Wednesday, May 28, 2014

Lesterday

Recently I was playing with my granddaughter, Raya.  I don’t remember what I was talking with her about but she said, “Lesterday, when I was little…”  Raya is four.

To Raya any event in life that happened before today happened "lesterday."  There are no distinctions made for last week, last month, last year.  Time has only three categories for Raya.  "Lesterday, today, and tomorrow.  She begins every day with a clean slate.  Tomorrow hasn't happened. "Lesterday" is gone.  She remembers some events from "lesterday," but they don't affect today.  She doesn't get stuck on what happened "lesterday."  Her focus is today.

In Isaiah God says, “I, I am he who blots out your transgressions for my own sake, and I will not remember your sins.” (Isaiah 43:25 ESV)

God cannot be God and be unable to remember, so this inability to remember must be different than the actual event of recalling things.  It is clear from this passage and others that God doesn’t remember our sins in a way in which He holds them to our account.  As Eugene Peterson translates the Isaiah passage, "But I, yes I, am the one who takes care of your sins—that's what I do.
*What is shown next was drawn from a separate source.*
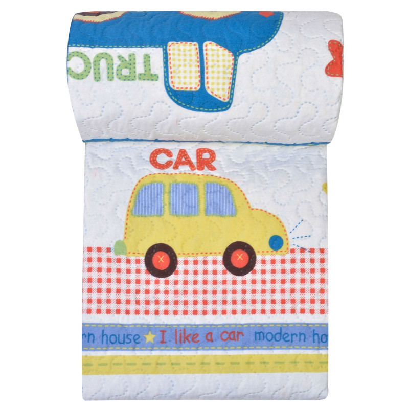 Покривка тип шалте за детско легло, изработена от микрофибърни влакна с цветен принт на автомобили.

I don't keep a list of your sins." (Isaiah 43:25 MSG)

Is this what the apostle Paul had in mind when he wrote, “No, dear brothers and sisters, I have not achieved it, but I focus on this one thing: Forgetting the past and looking forward to what lies ahead, I press on to reach the end of the race and receive the heavenly prize for which God, through Christ Jesus, is calling us." (Philippians 3:13-14 NLT)

Paul could certainly remember the past.  He made a point of not remembering it in a way that kept him from moving forward.  One of the things I’ve noticed over the more than forty years of knowing Jesus is that sin sets me back but the remembering of that sin with shame and discouragement also sets me back.  Either way the accuser has me neutralized because I’m focused on my "lesterday."  Paul says he can forget his past because God does.

Raya doesn’t keep a list of what happened "lesterday."  She’s too busy living today to the full.  There will come a time when her memory is developed enough to remember and learn from what happened before today, but I pray she can, like Paul, forget the past and look forward to what lies ahead in her relationship with God.